Bülent Arınç, Antalya Gazeteciler Cemiyeti'nin ödül töreni öncesinde gündeme ilişkin soruları cevapladı. İki yıl süren Balyoz davası sonunda 'beğenilse de, beğenilmese de' 3 kişilik ağır ceza heyetinin bir karar verdiğini belirten Arınç, "Sanıkların yüzde 10'u beraat etti. Geri kalanlara mahkumiyet kararı verildi. Hiçbirimiz insani olarak 'oh oldu, iyi oldu' demek durumunda değiliz." dedi.
Yargı sürecin ilk aşamasının tamamlandığını, 'Çok ağır cezalar verildi. Çok haksız oldu' diyenlerin ve bunun aksini söyleyenlerin bundan sonraki süreçleri beklemeleri gerektiğini belirten Arınç, "Ben dün de ifade ettim. Mahkumiyete hiç kimse sevinmez, sevinmemeli ama iddialar ciddiydi. Bu iddiaları ciddi bulan sanıyorum ki deliler bulundu. Doğruluğunu temyiz aşamasından sonra vereceğiz. Temyizden sonra belki Anayasa Mahkemesi'ne başvuranlar olabilir. Ben geçmiş olsun diyorum." diye konuştu.

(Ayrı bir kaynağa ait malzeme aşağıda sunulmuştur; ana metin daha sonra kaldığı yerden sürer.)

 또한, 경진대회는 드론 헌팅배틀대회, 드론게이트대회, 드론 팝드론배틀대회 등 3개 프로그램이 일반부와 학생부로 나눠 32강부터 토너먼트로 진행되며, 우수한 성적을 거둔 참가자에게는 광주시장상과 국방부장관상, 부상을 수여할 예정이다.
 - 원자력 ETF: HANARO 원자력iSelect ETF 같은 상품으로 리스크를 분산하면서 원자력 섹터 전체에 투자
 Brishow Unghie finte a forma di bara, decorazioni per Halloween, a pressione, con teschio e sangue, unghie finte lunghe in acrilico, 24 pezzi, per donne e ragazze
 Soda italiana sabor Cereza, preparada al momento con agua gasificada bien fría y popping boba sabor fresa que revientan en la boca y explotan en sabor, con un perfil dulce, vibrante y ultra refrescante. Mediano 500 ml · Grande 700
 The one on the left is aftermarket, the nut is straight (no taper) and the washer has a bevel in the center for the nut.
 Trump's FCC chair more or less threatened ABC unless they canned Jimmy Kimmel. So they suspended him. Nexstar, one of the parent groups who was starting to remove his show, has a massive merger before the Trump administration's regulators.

Arınç, CHP Genel Başkan Yardımcısı Gürsel Tekin'in kendisiyle ilgili sözlerine ise şu karşılığı verdi: "Güya ben çok mutlu olmuşum. Bu çok yanlıştır. Ben böyle bir şey sarf etmedim. Bu insani olmaz. Bunu söylemek için ancak insanın Gürsel Tekin olması lazım. Ben hep tutukluluk sürelerinin uzunluğundan şikayet ediyorum. Tutukluluk bir tedbir olmaması lazım. Mahkeme kararı verilmediği sürece tutukluğun kaldırılmasını istiyorum. Hem milletvekilleri hakkında hem de içeride yatan tüm milletvekilleri hakkında. Dışarıdayken de mahkeme devam edebilir. Ben sadece mahkemelerin bir an önce sonuçlanmasını istemiştim. Bir dava iki, üç, dört sene sürmez. Burada iki senenin sonunda bir karar verilmiş oldu. Bence bir siyasetçide siyasetçi dışındaki herkeste birinin sözleri kendine anlatıldığında iyi okumalı, dinlemeli ve bizzat görmeli. Ondan sonra bir değerlendirme yapmalı. Doğrusu Sayın Tekin'e ben de yakıştıramadım."
Bülent Arınç, son günlerde artan terör olaylarında istihbarat eksikliği olup olmadığı yönündeki bir soruya ise şu cevabı verdi: "Son günlerdeki terör saldırıları hepimizi üzüyor. Şehitlerimize yeni şehitler ekleniyor. Onlara Allah'tan rahmet diliyoruz. Teröre karşı çok iyi sonuçlar alacağımıza ben inanıyorum. Biz de her olayın öncesi ve sonrası adli ve idari açıdan soruşturulur. Savcımıza ve Bingöl'de yapılan saldırılarda bir eksiklik, ihmal ya da vazifeyi kötüye kullanım varsa bunun sorumluları hakkında mutlaka gereken yapılır. Bütün istihbarat örgütlerimizin çalışmasına rağmen yine de önleyemediğimiz eylemler var. Bazı eylemler kötü sonuçlara neden olabiliyor. Ama bu eylemlerin birçoğu engellenebiliyor. Bunlardan çok fazla haberinizde olmuyor. Elimizden geleni yapıyoruz. İstihbarat paylaşımını yapıyoruz. Bütün imkanları kullanıyoruz. Bunun ötesinde ne yapmak gerekiyorsa büyük bir kararlılık içerisinde yapıyoruz. Biz devletiz, biz terörist değiliz. Onların mantığı ile onların yöntemi ile onların saldırı yaptığı gibi hareket edemeyiz. Biz devletiz, devletin iki yüzü yoktur. Tek yüzü var o da hukuktur. Hukuk içerisinde mücadele etmekteyiz. Türkiye'de normal hayat devam ediyor. Ne sıkıyönetim, ne de olağanüstü hal ilan etme niyetindeyiz. Hükümetin gücü bunun en kısa zamanda üstesinden gelecektir."